Data excerpt
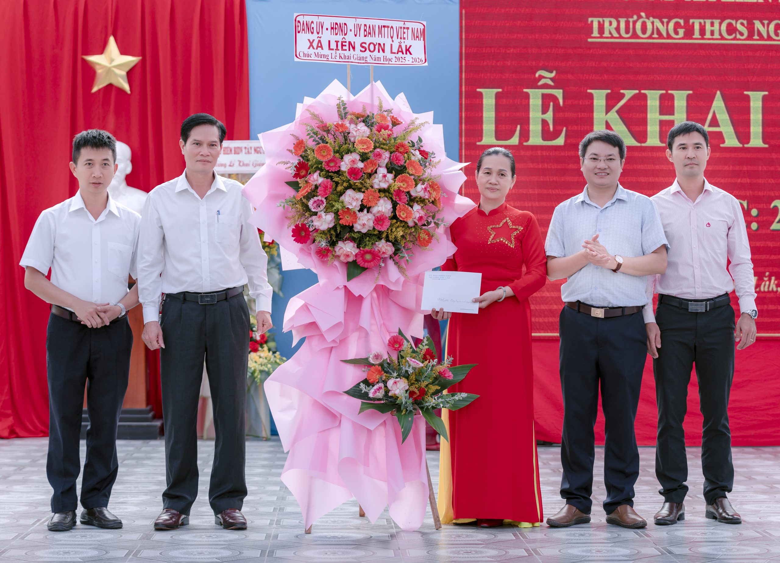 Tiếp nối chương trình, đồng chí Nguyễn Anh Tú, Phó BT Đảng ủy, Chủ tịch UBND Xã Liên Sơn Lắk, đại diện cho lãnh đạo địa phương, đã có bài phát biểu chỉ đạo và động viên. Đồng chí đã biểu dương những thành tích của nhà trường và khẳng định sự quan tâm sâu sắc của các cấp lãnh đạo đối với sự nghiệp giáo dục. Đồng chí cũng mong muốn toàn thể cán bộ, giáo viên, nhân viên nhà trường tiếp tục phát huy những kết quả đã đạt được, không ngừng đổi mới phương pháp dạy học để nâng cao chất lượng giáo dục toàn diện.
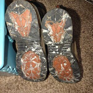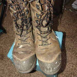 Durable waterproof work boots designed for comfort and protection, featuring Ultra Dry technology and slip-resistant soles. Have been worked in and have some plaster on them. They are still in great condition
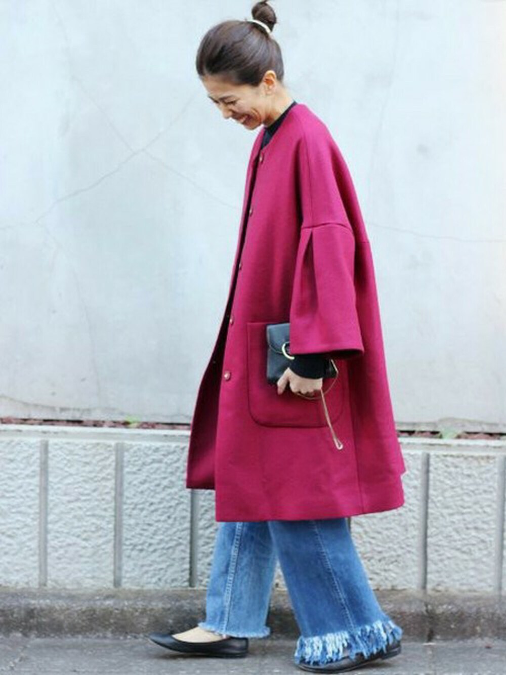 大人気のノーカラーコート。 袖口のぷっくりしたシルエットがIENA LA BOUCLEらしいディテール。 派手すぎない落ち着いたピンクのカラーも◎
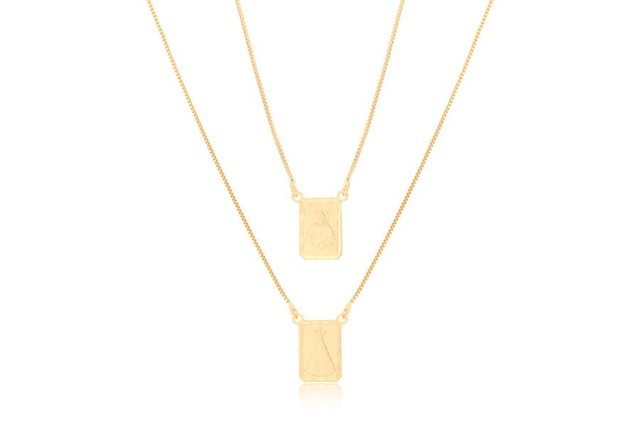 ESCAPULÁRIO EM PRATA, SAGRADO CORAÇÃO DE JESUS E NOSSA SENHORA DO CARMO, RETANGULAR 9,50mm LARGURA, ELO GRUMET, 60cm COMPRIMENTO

Work required
Write out the listing above exactly as it stands, pictures excluded.

Solution to the exercise
 Tiếp nối chương trình, đồng chí Nguyễn Anh Tú, Phó BT Đảng ủy, Chủ tịch UBND Xã Liên Sơn Lắk, đại diện cho lãnh đạo địa phương, đã có bài phát biểu chỉ đạo và động viên. Đồng chí đã biểu dương những thành tích của nhà trường và khẳng định sự quan tâm sâu sắc của các cấp lãnh đạo đối với sự nghiệp giáo dục. Đồng chí cũng mong muốn toàn thể cán bộ, giáo viên, nhân viên nhà trường tiếp tục phát huy những kết quả đã đạt được, không ngừng đổi mới phương pháp dạy học để nâng cao chất lượng giáo dục toàn diện.
 Durable waterproof work boots designed for comfort and protection, featuring Ultra Dry technology and slip-resistant soles. Have been worked in and have some plaster on them. They are still in great condition
 大人気のノーカラーコート。 袖口のぷっくりしたシルエットがIENA LA BOUCLEらしいディテール。 派手すぎない落ち着いたピンクのカラーも◎
 ESCAPULÁRIO EM PRATA, SAGRADO CORAÇÃO DE JESUS E NOSSA SENHORA DO CARMO, RETANGULAR 9,50mm LARGURA, ELO GRUMET, 60cm COMPRIMENTO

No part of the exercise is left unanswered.